Standard Chartered has just released a surprising forecast regarding the future of stablecoins. In its report, the global investment bank estimates that the stablecoin market will grow rapidly from around $230 billion today to $2 trillion by the end of 2028. This surge will be primarily driven by new regulations coming from the United States.
Genius Act: The Main Catalyst for Stablecoin Growth
One of the key drivers behind this growth is the Genius Act, a US bill that is expected to be passed soon. This regulation is believed to provide legal clarity and strengthen the role of stablecoins in the global financial system.
According to Standard Chartered, the regulation will be a game changer because it could:
- Boost the stablecoin supply by nearly 10 times, as institutional confidence in stable digital assets increases.
- Redirect funds into US government bonds (Treasury Bills) worth up to $1.6 trillion, since many stablecoins like USDT and USDC store their reserves in such instruments.
- Reinforce the dominance of the US dollar globally, as most stablecoins are pegged to the USD.
Stablecoins and the Future of the Digital Economy
Standard Chartered observes that the adoption of stablecoins will likely mirror the approach taken by USDT and USDC, which primarily hold their reserves in Treasury Bills. This strategy helps maintain price stability and enhances investor confidence.
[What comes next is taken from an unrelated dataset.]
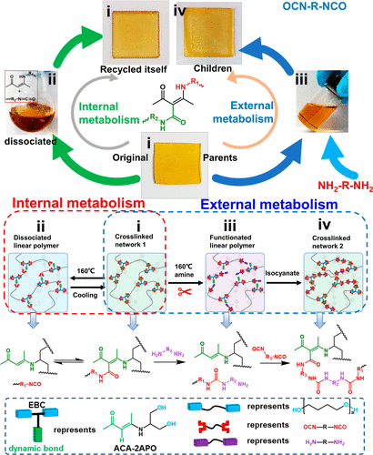 近期,上海交通大学化学化工学院史子兴等设计合成了一种烯酮胺结构的小分子,并以其作为动态交联剂制备了动态交联的聚氨酯材料。烯胺酮与异氰酸酯反应形成烯胺酰胺在高温条件下解离为烯酮胺和异氰酸酯,实现了聚氨酯的回收,这一过程被定义为“内循环”。进一步地,基于胺基与异氰酸酯之间的优先反应,胺类化学物可以用作“剪刀”来切割交联点,将交联聚合物转变为可聚合的大分子单体,参与新型交联聚氨酯的制备,实现了聚合物 “新陈代谢”和“成长”,这一过程被定义为“外循环”。这类含烯酮胺结构的动态交联剂可以替换传统交联剂,有利于动态交联聚氨酯的工业化应用。

As regulatory clarity improves and adoption continues to grow, stablecoins have the potential to become a fundamental component of the digital economy in the near future.
Conclusion
If this prediction comes true, stablecoins will not only serve as stable digital exchange tools but also play a significant role in strengthening the global financial system, especially the position of the US dollar. Could this be the right time to start considering the potential of stablecoins in your investment portfolio?